In the last several decades, new technologies in the financial industry have emerged as consumer needs have changed. More and more financial institutions are embracing new technologies like mobile banking and electronic payments, with some even looking ahead to digital currency. However, as these technologies continue to develop, so many underserved communities remain left behind. Communities that still rely heavily on cash payments are being overlooked due to a lack of access to basic banking services, leading to limited economic participation from many consumers in these areas. Many communities are being forgotten due to big banks closing branches in different parts of the country, resulting in the creation of numerous banking deserts.
Credit unions can help bridge the gap to a more inclusive financial system. Credit unions, by nature, were created to directly serve their local communities, specifically those that may have limited access to financial services. Credit unions thoroughly understand the needs of their communities, more than big banks, making them the best option to help local consumers. The credit union industry is known for its ability to rise above the rest when it comes to exemplary customer service, so it’s a given that they’ll be able better reach underserved communities through innovative financial products and services.

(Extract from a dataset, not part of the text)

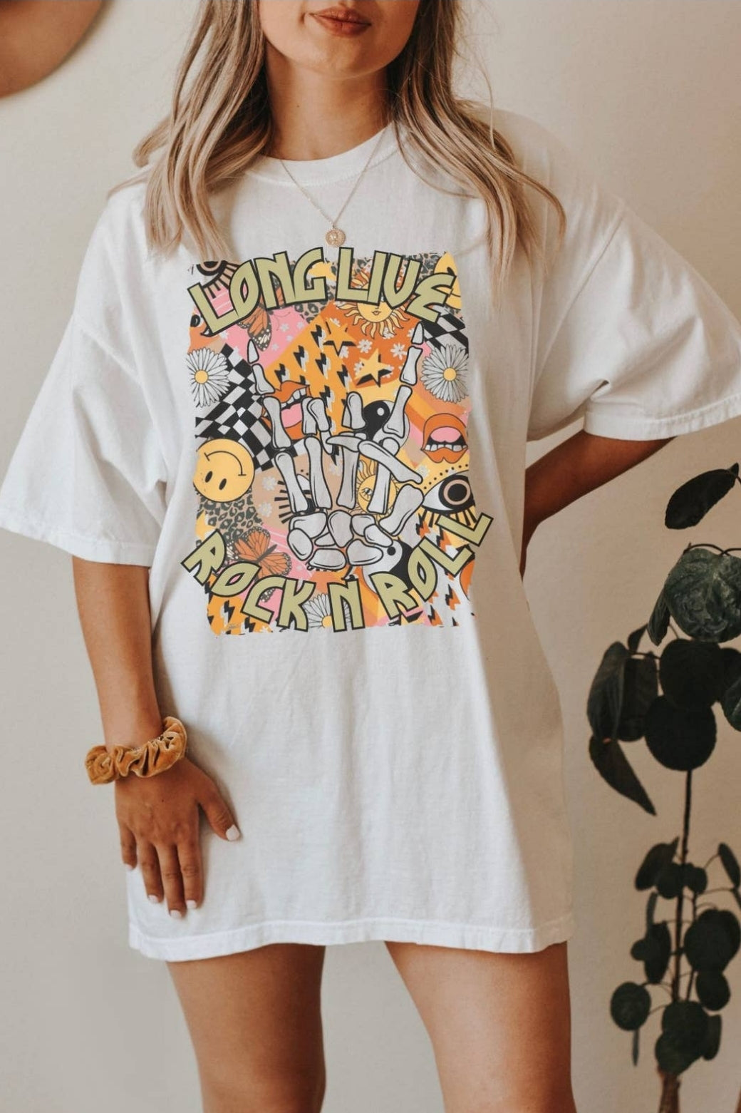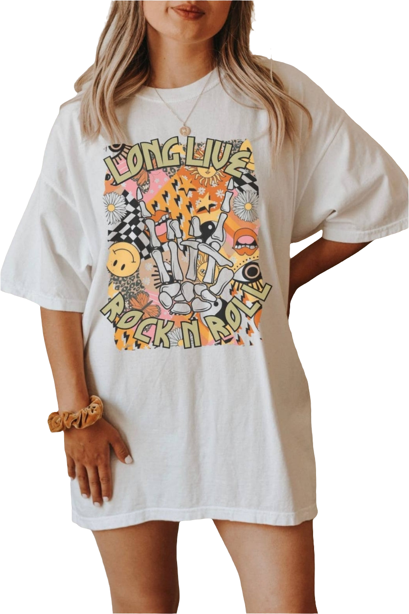 Long Live Rock n Roll Graphic Tee is printed on the popular Comfort Colors Relaxed Unisex style T-Shirt. Lightweight and super soft, this shirt is a comfortable fit for effortless style.

Credit unions can also help share information about underutilized government incentives and programs that could greatly benefit underserved communities. Because credit unions are acting as a resource, more Americans in need can learn about government programs to aid their financial situation.
It was made evident through the Small Business Administration’s (SBA) Paycheck Protection Program (PPP) that credit unions can quickly adapt their services to offer help to their communities. Throughout the program, credit unions stepped up to offer support to the many Main Street small businesses in need who were turned away by the big banks.
For these reasons, it is imperative that Congress support efforts to allow all types of credit unions to add underserved areas to their fields of membership. Credit unions are proud of their service to underserved communities and want to do more. Existing legislation like the NAFCU-supported Expanding Financial Access for Underserved Communities Act, currently before the House Financial Services Committee, would help take important steps toward providing more financial services options to consumers who might not have access to them now.
So many Americans are underbanked, and big banks are continuing to close branches in the neediest areas. Allowing credit unions to expand their fields of memberships to provide services to disadvantaged communities can help combat banking deserts and branch closures in rural areas.
As the nation recuperates from the ongoing effects of the pandemic, it is vital for all communities to regain their financial footing. Regardless of location or socioeconomic status, everyone should have access to financial services and credit unions stand ready and are uniquely positioned to help those who may not have that immediate access. NAFCU is determined to continue working with Congress to help accomplish these goals and further the financial support available for underserved communities.